Saddam’s bluff on WMD

The most incredible revelation in the new CIA report on Iraq’s weapons of mass destruction is not that there were no biological, chemical or nuclear weapons in Iraq. We knew that.

It is that Saddam Hussein deliberately deceived the world — even members of his own regime — into believing he still had WMD in order to deter Iran.

Saddam emerged from the nearly decadelong war with Iran in the 1980s believing that only the use of chemical weapons and ballistic missiles had staved off an Iranian conquest. His decision to accelerate the Iraqi nuclear program in the late 1980s was driven by concerns about Iran’s nuclear program. As his intelligence service came back with reports on Iran’s progress toward the bomb in the 1990s, Saddam concluded he had to create the deception that Iraq still had WMD to hold off the Iranian threat.

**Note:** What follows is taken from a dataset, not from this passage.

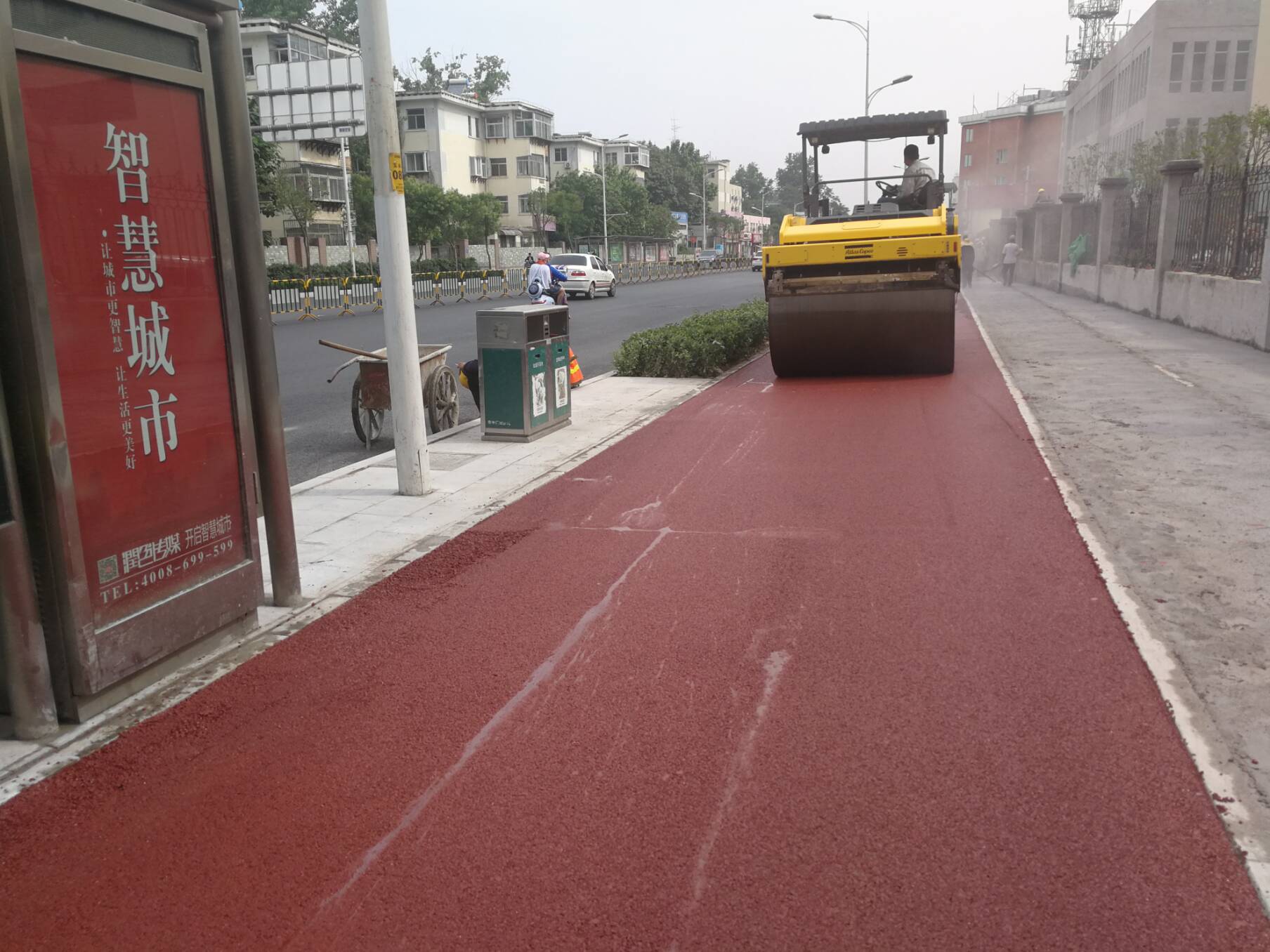 玉函路慢車(chē)道彩色瀝青攤鋪

Those insights come from extensive interviews with Saddam and his captured inner circle, along with documents and tape recordings of their deliberations. The detailed account of the regime’s “Strategic Intent” that opens the huge report issued last week by Charles Duelfer is in sharp contrast with the cartoon images drawn for the American people.

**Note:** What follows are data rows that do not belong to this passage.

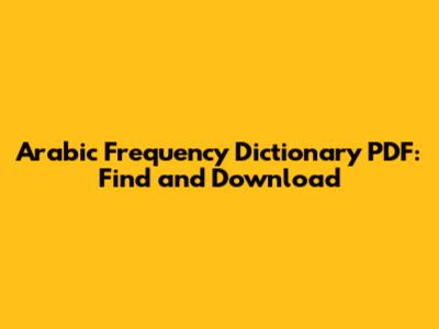 Arabic Frequency Dictionary PDF: Find And Download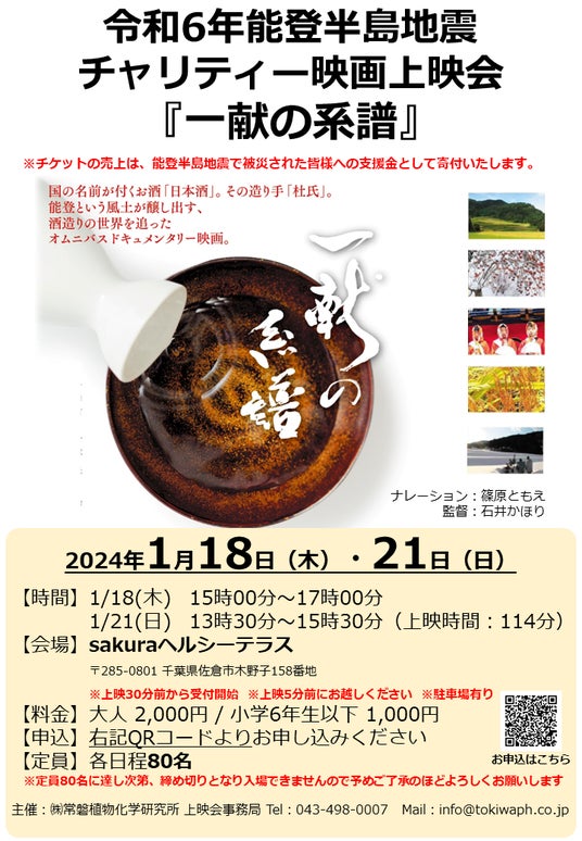 株式会社常磐植物化学研究所は、被災者の皆様を支援するため、令和6年1月18日(木)および1月21日(日)の2日間、チャリティー映画上映会を開催いたします。チケットの売り上げは全額、支援団体へ寄付いたします。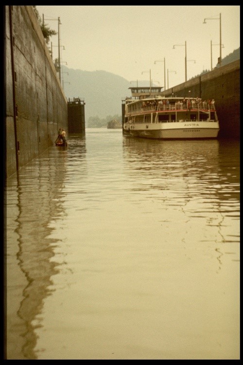 In Engelhardtszell, dort ist die Schifffahrtsbehörde und das Deutsch- Österreichische Zollamt, wurden wir kontrolliert.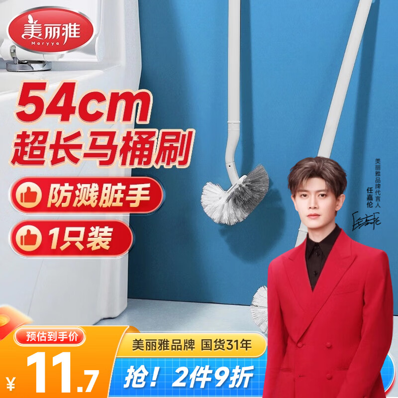 美丽雅长柄马桶刷54cm超长洗蹲坑厕所卫生间无死角刷圆头清洁刷

For Iraq, Israel was “a more distant second as their primary adversaries,” the CIA said. “Saddam did not consider the United States a natural adversary, as he did Iran and Israel, and he hoped that Iraq might again enjoy improved relations with the United States,” the report found. In fact, Saddam made repeated overtures during the 1990s, including through Duelfer personally, to improve ties with the United States.

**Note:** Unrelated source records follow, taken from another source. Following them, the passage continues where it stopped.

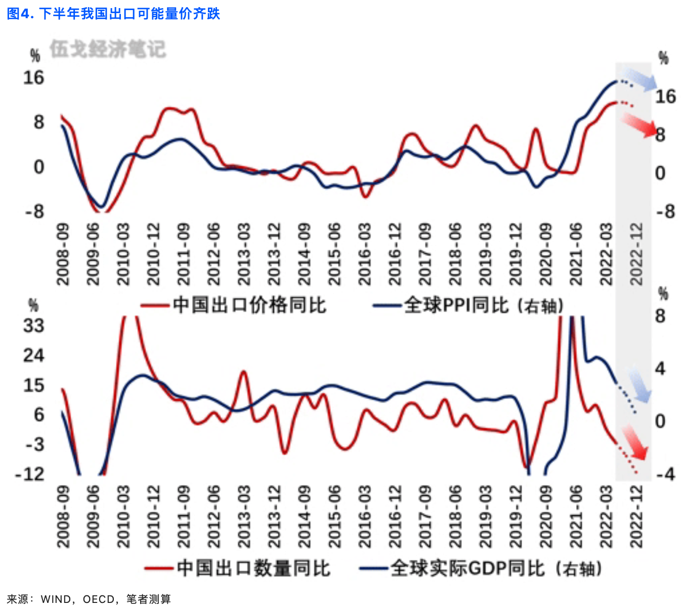 决定我国外贸的力量,将由前期高企的出口价格转向加速回落的外需数量,这会加大我国稳增长难度。尽管我国与海外周期有错位,却未必能独善其身。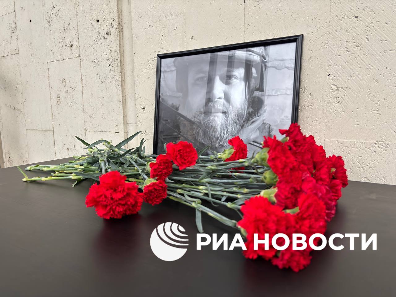 Также у входа в здание медиагруппы появилась фотография Зуева, к ней несут цветы.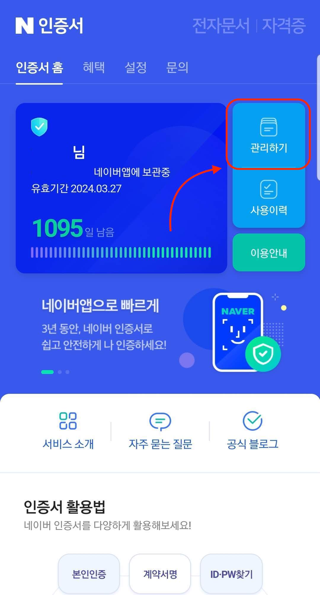 그러면 현재 발급받은 인증서 정보를 확인할 수 있습니다. 발급받은 시간과 남은 유효기간 등을 확인할 수 있습니다. 인증서 정보가 출력되는 화면 오른쪽에 '관리하기' 버튼을 누르면 인증서를 삭제할 수 있는 화면이 나옵니다.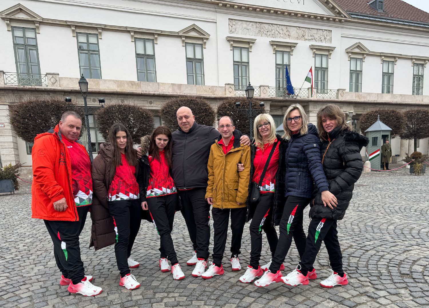 匈牙利特奥运动员穿着威克(Wink)鞋在总统府门前。

Saddam was also wedded to a belief in the utility of WMD. They not only saved the war with Iran, but also stopped the United States from driving to Baghdad at the close of the Persian Gulf War in 1991, he thought. Possession of WMD would give Iraq prestige and strategic influence throughout the Arab world, Saddam believed.

The nuclear and chemical weapons, along with the missiles, were destroyed in 1991 under the supervision of United Nations inspectors. Saddam tried to hide his bioweapons, but after the defection in 1995 of his son-in-law, who had run the WMD programs, that too was destroyed.

Increasingly Saddam was desperate to lift the effective international sanctions that brought Iraq’s economy to ruin.

“This led to a difficult balancing act between the need to disarm to achieve sanctions relief while at the same time retaining a strategic deterrent,” the CIA report said. “The regime never resolved the contradiction inherent in this approach.”

Saddam tried to resolve the dilemma by creating the impression that he might still have WMD somewhere in hand. Because of the secretive nature of the regime, even Saddam’s own military officers and senior officials were uncertain about whether there still might be WMD.

This deception was a fatal mistake, compounded by Saddam’s miscalculation, up until the end, that the United States would not launch a full-scale military invasion of Iraq. When Bush labeled Iraq a part of the “axis of evil” in January,2002, Saddam told his aides: “What can they discover, when we have nothing?”

During this time, the CIA documents show, Saddam had become increasingly isolated within his own regime. Fearful of assassination by the CIA, he had very little contact with anyone but close family. He tried to block U.N. inspections of his palaces because he thought it would allow the United States to pinpoint his exact location. His military commanders lied about the state of their forces.

Saddam bears the chief responsibility for his grandiose ambitions and the consequences of his tragic bluff.

It is also evident that the Bush administration, and the Clinton administration before it, had a dangerous lack of understanding of their foe.

Read this report and think of North Korea, whose leader is also portrayed as a caricature but who also clearly shares Saddam’s belief that WMD, or the claim to have them, are needed to deter a real threat.

And think too of the radical Islamic regime in Iran, moving steadily as Saddam feared toward nuclear status, now emboldened by the American removal of their foe.

— Daniel Sneider is foreign affairs columnist for the San Jose Mercury News.